Because we would have had to pay the world back what we owed it…the pain of growing up.
Naoko tells Toru about how she and Kizuki grew up together like children on a desert island, insulated from all the growing pains of childhood and adolescence. Providing everything for each other—most importantly intimacy—they took each other for granted. Out of the "fairness" that Naoko is ever aware of later on, she predicts that, had Kizuki continued to live, she and he would have had to experience unhappiness.
To hell with your fucking system!
Hurt and enraged by Nagasawa's self-satisfied and callous talk of his "system" of living, Hatsumi explodes at him during the dinner they have with Toru.

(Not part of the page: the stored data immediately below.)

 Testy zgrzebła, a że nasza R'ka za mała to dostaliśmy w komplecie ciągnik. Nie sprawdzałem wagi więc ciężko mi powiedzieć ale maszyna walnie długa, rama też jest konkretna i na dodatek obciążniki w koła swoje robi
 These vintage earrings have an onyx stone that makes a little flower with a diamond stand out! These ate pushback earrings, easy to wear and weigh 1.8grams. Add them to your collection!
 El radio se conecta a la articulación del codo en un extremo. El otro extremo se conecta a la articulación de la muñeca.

Toru notes that this was the only time he ever saw her yell. In a sense, this presages her later suicide, as it demonstrates Hatsumi's vulnerable interior, which one might not expect given her well-composed exterior.
Hey, there, Kizuki, I thought. Unlike you, I've chosen to live—and to live the best I know…I'm going to mature. I'm going to be an adult. Because that's what I have to do. I always used to think I'd like to stay seventeen or eighteen if I could. But not anymore. I'm not a teenager any more. I've got a sense of responsibility now. I'm not the same guy I was when we used to hang out together. I'm twenty now. And I have to pay the price to go on living.

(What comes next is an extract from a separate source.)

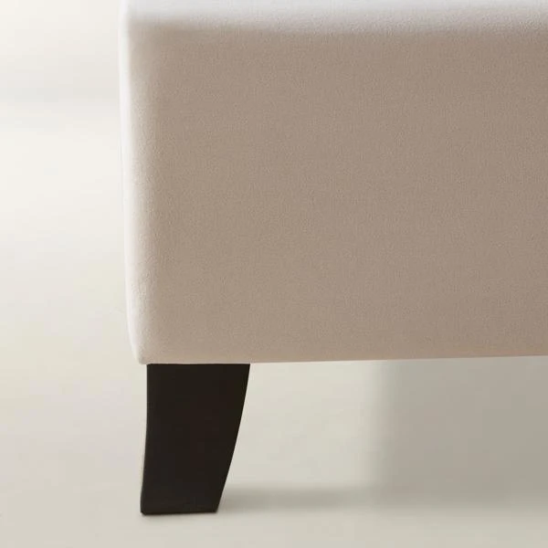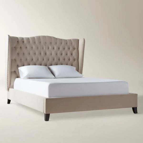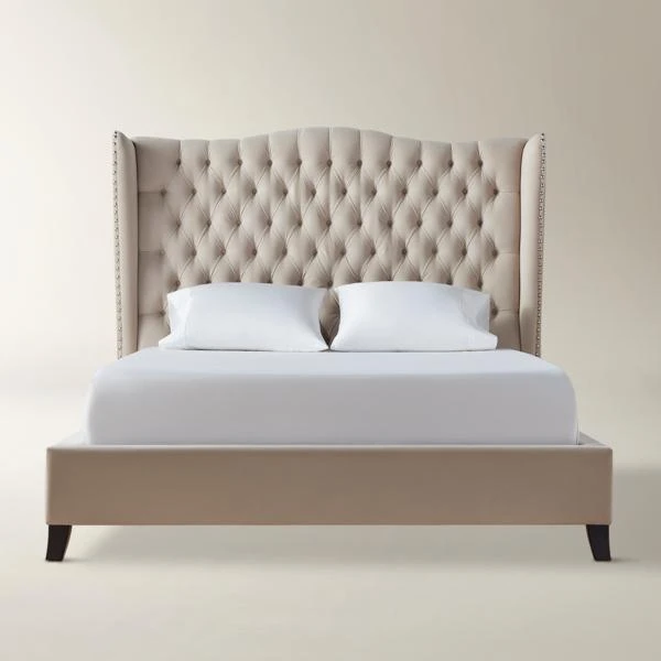 With its graceful camelback silhouette, deep, hand-applied button tufts, and plush padding, youâll rest luxuriously in our Jameson Bed. Trimmed with decorative nailheads, its winged sides and considerable height add a sense of opulence and drama to the bedroom. Shown in Bella Velvet Pearl with brushed silver nailheads.

There are several times when Toru talks to Kizuki as though the two were chatting or as though he were writing a letter to him. Even though he usually writes letters to Naoko, Midori, or Reiko, Kizuki's presence is always felt throughout the novel, and for Toru he seems to have been frozen in time at seventeen years old. However, Toru recognizes that, since as a living person he lives in time, he must follow time’s constant flowing forwards and grow up instead of dwelling in the fixed past. His love for Midori represents the love corresponding to this way of living, as opposed to his love for the otherworldly Naoko.
O.K. I'll wait! I believe in you…But when you take me, you take only me. And when you hold me in your arms, you think only about me. Is that clear?

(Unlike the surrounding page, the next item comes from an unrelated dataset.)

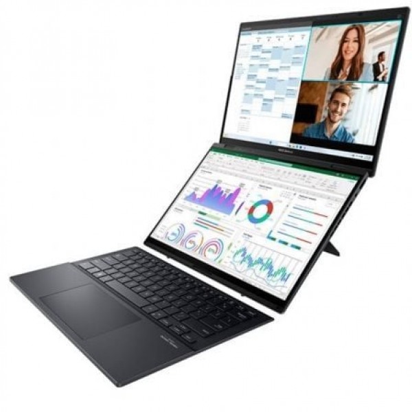 Dobla tu apuestaEl ASUS Zenbook DUO es un portátil revolucionario de pantalla doble. Este increíble ordenador, que personifica la innovación CES 2024, incorpora dos pantallas táctiles OLED de tamaño completo1, teclado desmontable de tamaño completo y soporte integrado. Es el portátil definitivo que combina a la perfección la versatilidad de la multitarea con una excelente movilidad. Con estas las dos pantallas táctiles OLED 3K de 14 pulgadas a 120 Hz, puedes ampliar al instante tu espacio de trabajo hasta 19,8 pulgadas. El ASUS Zenbook DUO cuenta con un procesador Intel® Core? Ultra 9 potenciado por IA y memoria LPDDR5x de 32 GB. Además, viene equipado con SSD PCIe® 4.0 de hasta 2 TB. Es un portátil que te garantiza un rendimiento excepcional en todo momento para que puedas con todo. Incorpora software inteligente dedicado, control intuitivo por gestos y una batería de 75 Wh de duración mejorada. Todo ello convierte al Zenbook DUO en un portátil ASUS fácil de usar que maximiza la productividad sin complicaciones. Vamos, ¡dobla tu apuesta!

After Toru and Midori reunite following the two months Midori ignored him for his ignoring her hairstyle change, they kiss and become aware of the love between them. However, Toru still has an attachment to Naoko, so he asks Midori to wait for him to figure things out. Similarly to how Hatsumi decided to wait for Nagasawa, Midori decides to wait for Toru. However, whereas Hatsumi almost knows for certain that Nagasawa will never care for her, Midori has faith in Toru's sincerity, that the love they felt together then had to come to some fruition eventually.
We were alive, she and I. And all we had to think about was continuing to live.
Kissing Reiko goodbye at the train station at the end of the novel, Toru no longer cares about the stares of people nearby. He is caught up in the joy of being alive, which he feels especially intensely with Reiko, who, like him, is a survivor of Naoko's suicide.